### YOUR INSTRUCTIONS:
All lines below between the line with "马克思主义学院王本贤教授为2" and the line with "Ежедневник датированный 2026", including both, must be copied exactly, and the pictures must be omitted.

(DATA RECORDS begins)

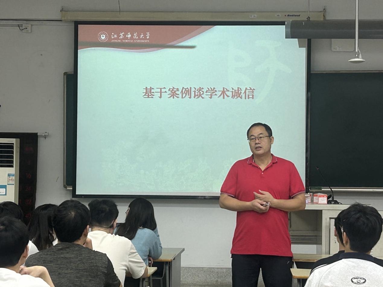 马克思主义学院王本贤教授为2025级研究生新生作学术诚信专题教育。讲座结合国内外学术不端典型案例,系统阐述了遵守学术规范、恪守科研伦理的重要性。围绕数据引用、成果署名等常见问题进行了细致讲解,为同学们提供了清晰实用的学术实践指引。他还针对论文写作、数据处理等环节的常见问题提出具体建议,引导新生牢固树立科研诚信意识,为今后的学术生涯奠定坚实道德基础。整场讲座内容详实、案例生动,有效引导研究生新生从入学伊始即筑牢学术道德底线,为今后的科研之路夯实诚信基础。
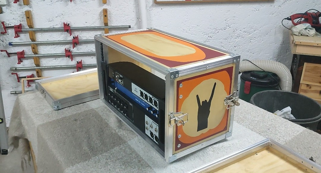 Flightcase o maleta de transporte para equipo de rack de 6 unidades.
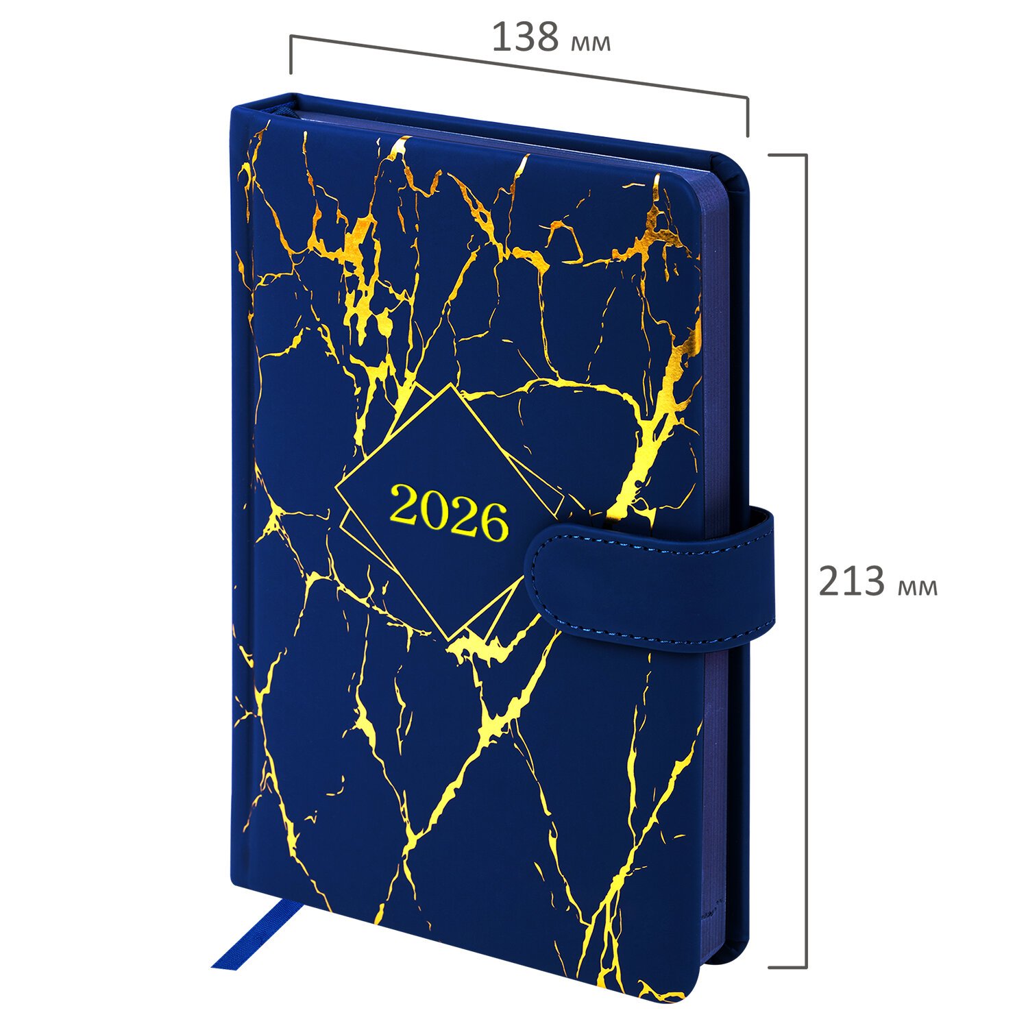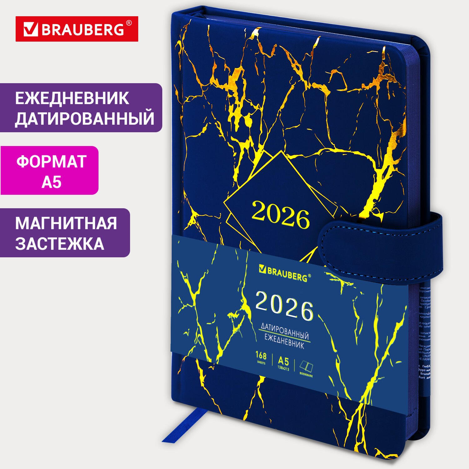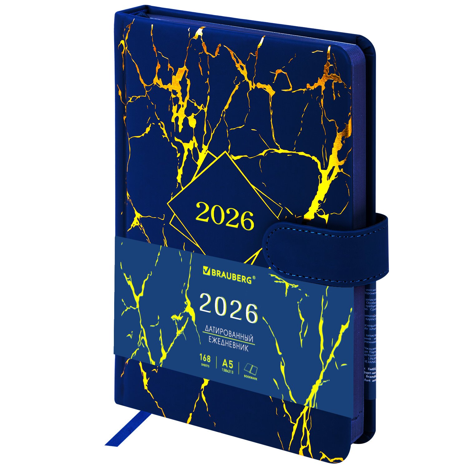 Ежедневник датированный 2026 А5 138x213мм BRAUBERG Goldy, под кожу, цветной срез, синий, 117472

(DATA RECORDS ends)
(DATA RECORDS begins)

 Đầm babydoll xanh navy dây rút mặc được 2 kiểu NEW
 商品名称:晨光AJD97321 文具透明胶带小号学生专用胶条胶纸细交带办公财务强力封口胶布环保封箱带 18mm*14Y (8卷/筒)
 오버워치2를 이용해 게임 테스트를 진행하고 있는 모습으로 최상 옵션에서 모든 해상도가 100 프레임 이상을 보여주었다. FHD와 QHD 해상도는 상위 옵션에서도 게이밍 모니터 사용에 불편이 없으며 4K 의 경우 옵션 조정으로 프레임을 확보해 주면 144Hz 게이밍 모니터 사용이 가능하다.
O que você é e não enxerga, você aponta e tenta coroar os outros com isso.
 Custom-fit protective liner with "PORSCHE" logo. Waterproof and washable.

(DATA RECORDS ends)

### ANSWER TO THIS TASK:
 马克思主义学院王本贤教授为2025级研究生新生作学术诚信专题教育。讲座结合国内外学术不端典型案例,系统阐述了遵守学术规范、恪守科研伦理的重要性。围绕数据引用、成果署名等常见问题进行了细致讲解,为同学们提供了清晰实用的学术实践指引。他还针对论文写作、数据处理等环节的常见问题提出具体建议,引导新生牢固树立科研诚信意识,为今后的学术生涯奠定坚实道德基础。整场讲座内容详实、案例生动,有效引导研究生新生从入学伊始即筑牢学术道德底线,为今后的科研之路夯实诚信基础。
 Flightcase o maleta de transporte para equipo de rack de 6 unidades.
 Ежедневник датированный 2026 А5 138x213мм BRAUBERG Goldy, под кожу, цветной срез, синий, 117472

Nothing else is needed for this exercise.